Friday Recap: Bank Earnings, China PPI, Yellen

It looks like we’re going to head into the weekend on an upbeat note thanks largely to, i) bank earnings, and ii) China PPI.

Below, find a bit of Street commentary on results from JPMorgan, Citi, and Wells Fargo courtesy of Bloomberg:

From Goldman’s Richard Ramsden:

  • JPM

    • Strong FICC rev. drives beat

    • Total rev. outperformance driven by FICC, investment banking, “slight” NII beat

    • Neutral/attractive, PT $71

  • C

    • Better FICC drives beat

    • Card growth, reserves “inflecting”

    • C continued to benefit from Costco acquisition, as expected, with accelerating global sales, ANR, rev.; notes ex. Costco in North American, card rev. +1%, first time C’s had positive underlying rev. since before 4Q 2014

    • Notes added $400m in reserves in NA consumer bank to provide for growth

    • Neutral/attractive, PT $50

  • WFC

    • Results in line; concern about sales practices overhangs

    • Buy/attractive, PT $51

From Guggenheim’s Eric Wasserstrom:

  • JPM

    • Operating trends better than recently-reduced expectations, suggesting upside to 2016, 2017 EPS ests.

    • Neutral

  • C

    • Operating rev. beat driven by higher noninterest income on strong y/y results in fixed income trading

    • NII trailed on lower NIM, lower earning assets; expenses higher; provision lower, driven by lower NCOs

    • Results suggest upside to 2016, 2017 EPS ests.

    • Buy

  • WFC

    • Legal, remediation costs likely to undermine asset growth, creating downside risk to 2016, 2017 ests.

    • 3Q reflected weaker NII vs est. on lower NIM, which offset stronger loan growth (driven by C&I, CRE and consumer); notes mortgage banking rev. beat ests.

    • Neutral

Still, sentiment in the space is sour thanks in no small part to the ongoing drama at Deutsche Bank which, quite frankly, may ultimately go the way of Lehman. Shares rose early this morning but green turned to red around lunchtime eastern when WSJ reported that the German government apparently isn’t feeling as benevolent towards the country’s largest lender as it is towards Syrian refugees.
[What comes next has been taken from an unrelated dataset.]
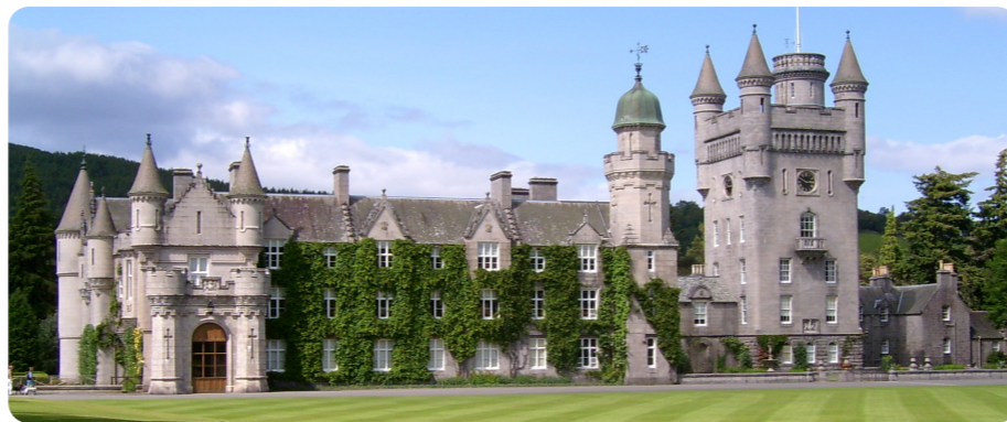
Balmoral Castle is in Aberdeenshire, Scotland. It is used mainly as a holiday home for the Royal Family.

Here’s an excerpt:

“Aides to German Chancellor Angela Merkel have told lawmakers the state wouldn't take a stake in Deutsche Bank AG if it were to issue new stock to shore up its thin capital cushion, one person who attended the briefing said.”

“The fact that Berlin appears to have ruled out any aid for the embattled lender as both unnecessary and politically unfeasible could put Deutsche Bank under renewed pressure as it works to stabilize its share price and stay out of the news while negotiating an acceptable settlement in a U.S. misconduct investigation.”

Then, a couple of hours later, we got this:


As for China PPI, if you believe the NBS (which you probably shouldn’t) factory gate prices rose for the first time in half a decade last month thanks largely to metal and coal. Here’s a visual:

(Chart: Goldman)

But not so fast, Goldman says. This may be attributable to easy compares:

“Our analysis suggests that the recent sequential pickup of headline PPI in 2016 has been due primarily to a depreciation of the RMB and recovery of oil prices. In addition, favorable base effects (falling oil prices over the course of 2015) have contributed to a moderation in year-on-year PPI deflation.”

What’s also interesting to note here is that China has arguably been able to artificially prop up its GDP by tying the deflator more closely to PPI than it should. That is, the NBS just uses PPI as the deflator which, in times of falling commodity prices, allows Beijing to overstate economic output. So what happens if/when PPI begins to rise?

Anyway, that’s speculation. The point is, we got the right recipe to end the week on a positive note, but this will likely be fleeting. As we’ve outlined previously (and at length in our latest e-book), there are too many landmines out there to count, although the Trump allegations have admittedly removed some uncertainty from the equation (no matter who you’re voting for, short-term volatility will almost certainly spike if Trump were to come out ahead).

Meanwhile, Janet Yellen took to talking out of both sides of her mouth Friday afternoon when, at a Boston Fed conference, the chair suggested that an overheating economy might be the best prescription for the damage inflicted by the recession while at the same time acknowledging that “lower for longer” could lead to hyperinflation (she obviously didn’t use that term, but it’s what she meant) and financial asset bubbles.

So that’s your Friday recap.

To be frank, it feels quiet out there. We’ll see how long that lasts.